Because it is not possible to request a pre-filtered audit log from Office 365, it was necessary to download the entire audit content for a single day, then process this offline to create a new single CSV file that contained all of the relevant log files for that particular day. This task is performed one day in arrears to allow time for all of the audit log aggregation to happen as some audited elements in Office 365 can take up to 24 hours to appear.

Once this filtered data was collated into a new CSV file, this file was then uploaded into a restricted library in the Office 365 site. The key reason for doing this is to enable the use of eDiscovery search in the future when trying to locate audit actions relating to a specific document.

Full disclosure here, the basics of accessing the Audit Blobs and then processing the downloaded manifests came from the OfficeDev GitHub repo.
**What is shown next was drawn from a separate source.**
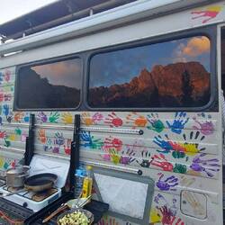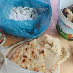 Nach gutem Schlaf kommt morgens ein Mann. Scheinbar unser Nachbar in einigen hundert Metern Entfernung. Er fragt ob wir was brauchen. Bietet seine Dusche an & lädt zum Frühstück. Wir lehnen dankend ab. Etwas später kommt er erneut. Diesmal mit frisch gebackenen Kuchen & Joghurt. Dann kommt seine Frau und bringt Tee & Pfannkuchen mit. Alles sehr lecker & reicht länger😬. Drei von sechs Kinder sind mit von der Partie & wir machen Handabdrücke. Die Herzlichkeit der Kurden beeindruckt immer wieder❤!

I used this to learn what was needed, then re-wrote the scripts from the ground up to achieve what I wanted.

The intended process…

  1. Scheduled timer job at 7am starts the extract process.
  2. Extract process checks when the last successful extraction was and then works out how many executions it needs to run before it reaches the required Offset of Today – 1 day.
  3. For the chosen day, the script connects to Office 365 and requests all Audit Blob manifests for the given time frame (Note: I was processing a day at a time. You could choose to break this down into smaller timeframes and run the script more often if you like.)
  4. Once all of the available Audit Blob manifests are downloaded, these are processed in turn to download the actual Audit Log Entries that the Audit Blob Manifest points to.
  5. As each Audit Log Entry collection is downloaded, the contents that match the URL requirements are added to an in-memory collection.
  6. Once all audit log entry collections have been processed, the filtered data is written out to a CSV file and uploaded to Office 365.

The Script…

I can’t re-produce the script in its entirety here, but what I will do is break down how we achieved the extraction process and how we processed the files for uploading into SharePoint with the appropriate code snippets. A much cut down version of the script is included at the end. It works and does what is needed but is NOT production ready by design! Use at your own risk.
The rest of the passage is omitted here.